The Census Bureau on Friday released retail sales figures showing a 16.4 per cent drop in April from March, and down 21.6 per cent unadjusted year-over-year.

That follows a previously record-setting 8.3 per cent decline in March when stay-at-home orders were first implemented to slow the spread of coronavirus.

James Knightley, chief international economist for ING, told The Independent that, based on the experiences of the Global Financial Crisis, it could take more than four years for the economy to recover.

"Given the 23 per cent cumulative fall in retail sales over the last two months, this alone is enough to knock more than 6 percentage points off the level of nominal GDP," he said.

"Remember that the Global Financial Crisis saw output fall 4 per cent peak to trough and it took 14 quarters for that output to be recovered.
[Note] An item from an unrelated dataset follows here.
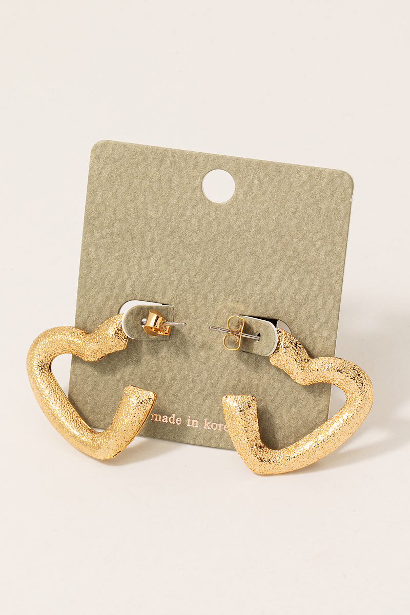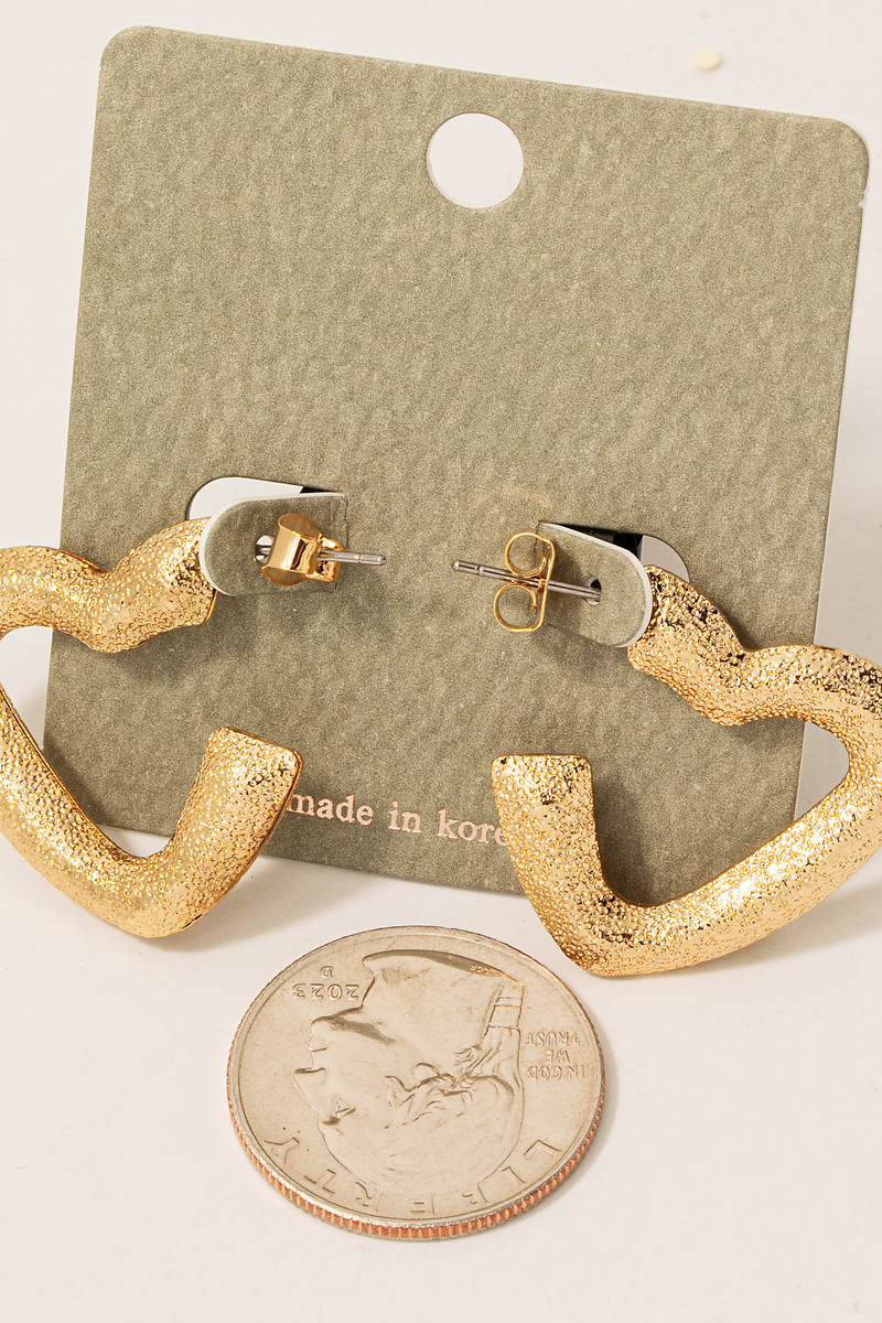 • This pair of hoop earrings introduces a stunning rough textured heart style. Redefine your look effortlessly with this standout, on-trend piece.

We see little reason for the lost output in the current crisis to be recovered much quicker than that."

The sharpest declines from March to April were felt in sports, electronics and furniture, with clothing stores the hardest hit with a 79 per cent decline.

Fashion store J. Crew and luxury department store Neiman Marcus were two of the first major retailers to declare bankruptcy as a result of the pandemic lockdown, with others are likely to follow.

Neil Saunders, managing director of GlobalData Retail, said total retail sales in April plummeted by 20.9 per cent on a year-over-year basis, making it the worst performance on record, beating both May 1938 when sales declined by 18.5 per cent and February 1981 when sales dropped by 15.3 per cent.

"Essentially, April was the month when large parts of the retail economy simply ground to a halt," he said.

"The shutdown of most physical apparel stores, plus the sharp decline in outfits needed for work and leisure contributed to the precipitous drop. While there were a few bright spots, most notably from athleisure and comfort clothing, consumers simply turned their backs on fashion in April."

The National Retail Federation's chief economist, Jack Kleinhenz, said month-to-month comparisons provide little insight other than indicating that most of the economy was on lockdown.

"Now that we're in mid-May, many businesses are already starting to reopen," he said.

"Relief payments and pent-up demand should provide some degree of post-shutdown rebound, but spending will be far from normal and may be choppy going forward."

Here is the full breakdown of how the coronavirus lockdowns affected retail spending in April compared to March:

  • Online (non-store) retailers: +8.4 per cent
  • Grocery stores: -13.2 per cent
  • Pharmacies and other health/personal care stores: -15.2 per cent
  • Big-box (general merchandise) stores: -20.8 per cent
  • Gas stations: -28.8 per cent
  • Department stores: -28.9 per cent
  • Restaurants and bars: -29.5 per cent
  • Sports, music and other hobby stores: -38 per cent
  • Furniture stores: -58.7 per cent
  • Clothing and accessories stores: -78.8 per cent

By removing categories most affected by the coronavirus lockdowns like automobile dealers, gas stations and restaurants from the retail sales figures to focus on core retail, the National Retail Federation calculates that April was down 14.1 per cent from March compared to the Census Bureau's 16.4 per cent.

"These retail sales numbers are not a surprise given the current state of affairs," said federation president and CEO Matthew Shay.

"The vast majority of retail stores have been closed, we are in the midst of historic unemployment and when it comes to personal finances, discretionary spending takes a back seat to essentials."